Kelly tips Cav to exit early
Sean Kelly would not be surprised to see Mark Cavendish exiting before Paris to boost his hopes of Olympic gold.
The 250-kilometres Olympic road race takes place six days after the conclusion of the 3,497km Tour on July 28, with Cavendish favourite.
Not only are the Games at home in London, but the course is one where sprinters, like world champion Cavendish, can prevail, meaning it is a once in a lifetime opportunity for the Manxman.
Four-time Tour de France green jersey winner Kelly said: "If I was in a position like that I'd have no hesitation if I felt the best way to go to the Olympics would be to stop the Tour de France after the first two weeks. That's where the sprinters get results anyway.
"To do the third week in the Tour is so energy demanding and with the Olympics so close that is going to be the problem as well.
"An Olympic event comes around once every four years, but you have to get an Olympic road race route which suits a rider like Cavendish.
"If you look at Beijing it was a very, very difficult circuit and who knows in four years' time (in Rio de Janeiro) it could be a really difficult circuit.
"It's an opportunity for the sprinters to win an Olympic road race and Cavendish certainly."
Cavendish has suggested he plans to ride all the way through to the Champs Elysees, where he has won in each of the past three years in accumulating 20 Tour stage successes.
However, as the second rest day comes with just five days' racing remaining, perhaps he will be tempted to end his Tour, turn his full attentions to London and rest up.
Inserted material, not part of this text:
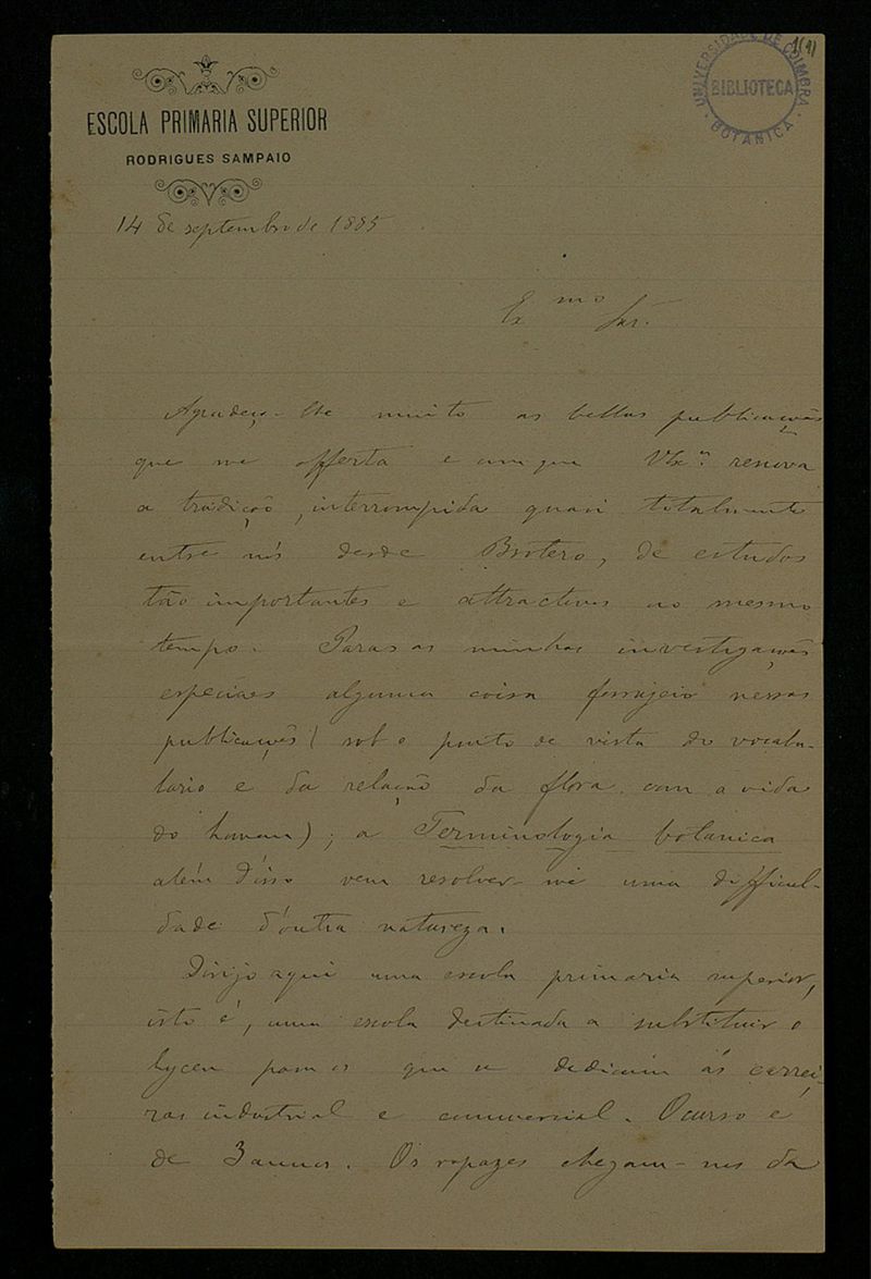 Papel timbrado de: Escola Primaria Superior Rodrigues Sampaio.

Irrespective of when Cavendish finishes the Tour, he expects to give up the points classification title he won for the first time in 2011, with intermediate sprint points - something not on Team Sky's agenda - needed in the race for the maillot vert.
Kelly added: "The trouble is with the Tour de France you never know how you're going to finish.
"To get through the final week it's so energy sapping and you can finish pretty drained. Six days to recover for the Olympics - is that going to be enough? It's the unknown for a lot of these guys.
"He has another five or six years to win the green jersey in the Tour de France."